START Data segment

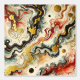 Ein abstraktes Gemälde mit goldenen Flüssen, die sich durch die Farben Weiß, Rot, Blau und Schwarz schlängeln. Die dynamischen Muster entstehen durch die Technik des Fluid Paintings.
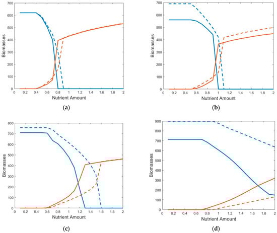 Table 1 shows only the three qualitative states of competition between FAV and SAV. The quantitative values of biomasses are given in the bifurcation diagrams in Figure 1. The lines represent averages over both the whole spatial lattice as well as over the period of time after which the system reached a final state. Here, temperature scenarios 1 through 4 are shown. The mean temperature decreases and seasonal fluctuations increase when moving from panels (a) to (d). As the mean temperature decreases, the range of coexistence (where the red and blue lines overlap) shifts to the right (i.e., higher nutrient levels), and the final mean value of the FAV biomass substantially decreases. In these plots, the solid lines represent the biomasses of FAV (red) and SAV (blue) for simulations in which seasonal temperature fluctuations are included, while the dashed lines represent simulations where only the mean annual temperature was included.
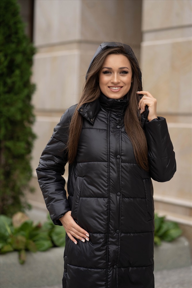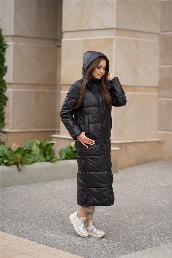 Модель: 22650; Материал: Плащевая ткань; Цвет: черный Описание: Куртка женская демисезонная Прямой силуэт, стеганное Наполнитель - силиконизированный синтепон Застежка-молния,которая закрывается планкой с пробивными кнопками Плечо слегка спущено Воротник-стойка Капюшон съемный на молнии Длина изделия - 120 см Длина рукава -62 см
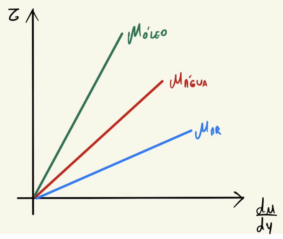 Newtonianos => a viscosidade dinâmica (\(\tau\)) é constante para uma dada pressão e temperatura.

END Data segment

Write out the listing above exactly as it stands, pictures excluded.

* _Output of the task_:
 Ein abstraktes Gemälde mit goldenen Flüssen, die sich durch die Farben Weiß, Rot, Blau und Schwarz schlängeln. Die dynamischen Muster entstehen durch die Technik des Fluid Paintings.
 Table 1 shows only the three qualitative states of competition between FAV and SAV. The quantitative values of biomasses are given in the bifurcation diagrams in Figure 1. The lines represent averages over both the whole spatial lattice as well as over the period of time after which the system reached a final state. Here, temperature scenarios 1 through 4 are shown. The mean temperature decreases and seasonal fluctuations increase when moving from panels (a) to (d). As the mean temperature decreases, the range of coexistence (where the red and blue lines overlap) shifts to the right (i.e., higher nutrient levels), and the final mean value of the FAV biomass substantially decreases. In these plots, the solid lines represent the biomasses of FAV (red) and SAV (blue) for simulations in which seasonal temperature fluctuations are included, while the dashed lines represent simulations where only the mean annual temperature was included.
 Модель: 22650; Материал: Плащевая ткань; Цвет: черный Описание: Куртка женская демисезонная Прямой силуэт, стеганное Наполнитель - силиконизированный синтепон Застежка-молния,которая закрывается планкой с пробивными кнопками Плечо слегка спущено Воротник-стойка Капюшон съемный на молнии Длина изделия - 120 см Длина рукава -62 см
 Newtonianos => a viscosidade dinâmica (\(\tau\)) é constante para uma dada pressão e temperatura.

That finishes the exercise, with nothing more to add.